Your task
Copy nothing but the text: repeat each entry exactly and drop the images.
--
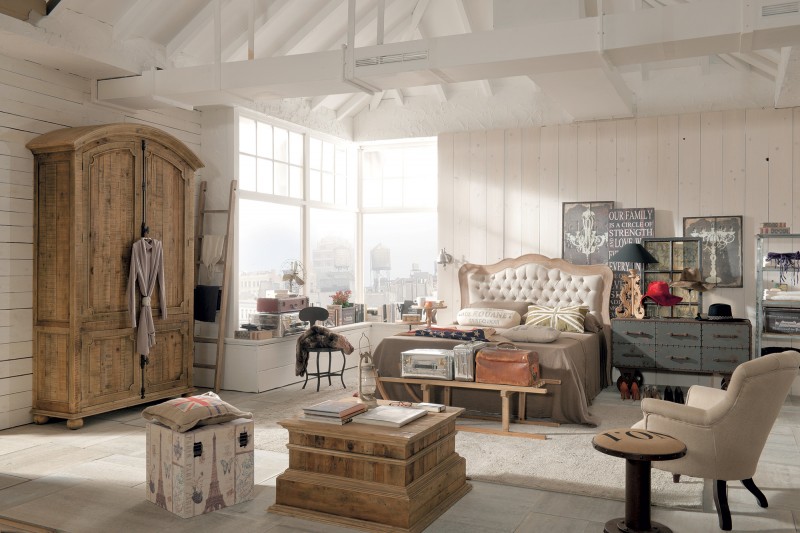 Testiera imbottita con lavorazione capitonné per letto matrimoniale rivestita in lino color ecrù, cornice sagomata in legno di rovere.
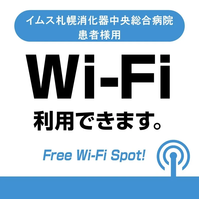 当院では病院を利用する皆様に、診察の待ち時間や入院中の生活を快適に過ごしていただくためにWi-Fiが無料でご利用いただけます。
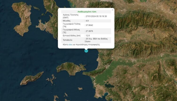 Σεισμός μεγέθους 4,9 βαθμών της κλίμακας Ρίχτερ σημειώθηκε το πρωί του Σαββάτου 27/1 ανοιχτά της Σάμου.
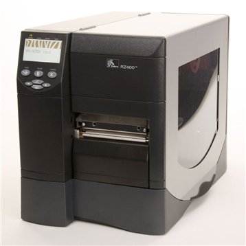 -Imprimante étiquette industrielle Zebra RZ400 avec encodeur RFID (UHF), transfert thermique en 300 dpi et 104 mm de largeur d’impression, ZPL, 64Mo de mémoire flash, décollement avec rembobiner silicone uniquement, Zebranet interne 10/100 et Zebranet radio (carte radio non incluse).
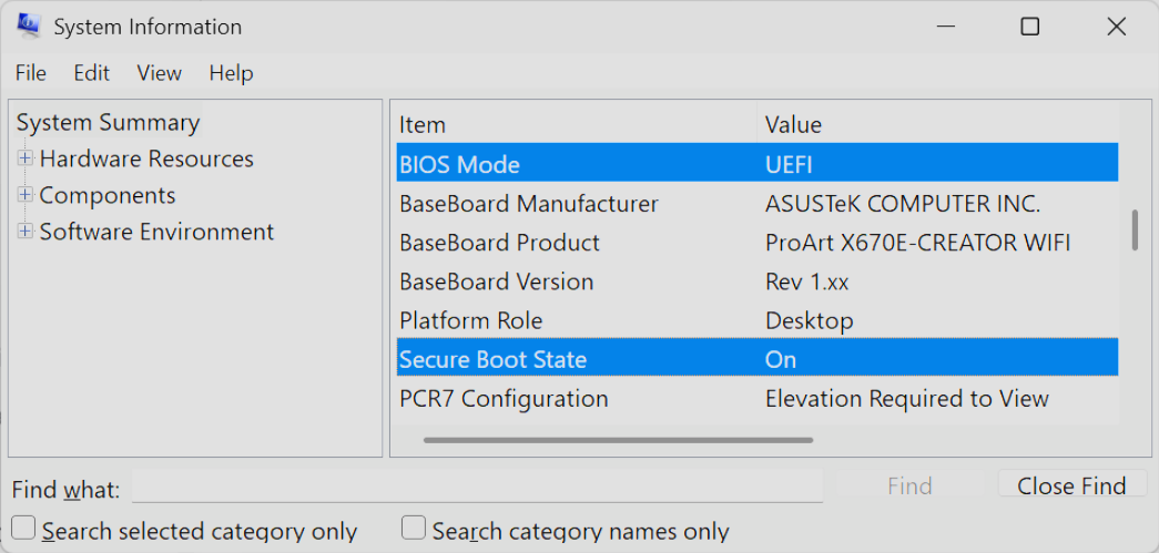 Pictured above is the desired configuration, and if you see that both the BIOS Mode is UEFI and the Secure Boot State is On, you’re all set and no changes are needed.
--
Problem solution
 Testiera imbottita con lavorazione capitonné per letto matrimoniale rivestita in lino color ecrù, cornice sagomata in legno di rovere.
 当院では病院を利用する皆様に、診察の待ち時間や入院中の生活を快適に過ごしていただくためにWi-Fiが無料でご利用いただけます。
 Σεισμός μεγέθους 4,9 βαθμών της κλίμακας Ρίχτερ σημειώθηκε το πρωί του Σαββάτου 27/1 ανοιχτά της Σάμου.
 -Imprimante étiquette industrielle Zebra RZ400 avec encodeur RFID (UHF), transfert thermique en 300 dpi et 104 mm de largeur d’impression, ZPL, 64Mo de mémoire flash, décollement avec rembobiner silicone uniquement, Zebranet interne 10/100 et Zebranet radio (carte radio non incluse).
 Pictured above is the desired configuration, and if you see that both the BIOS Mode is UEFI and the Secure Boot State is On, you’re all set and no changes are needed.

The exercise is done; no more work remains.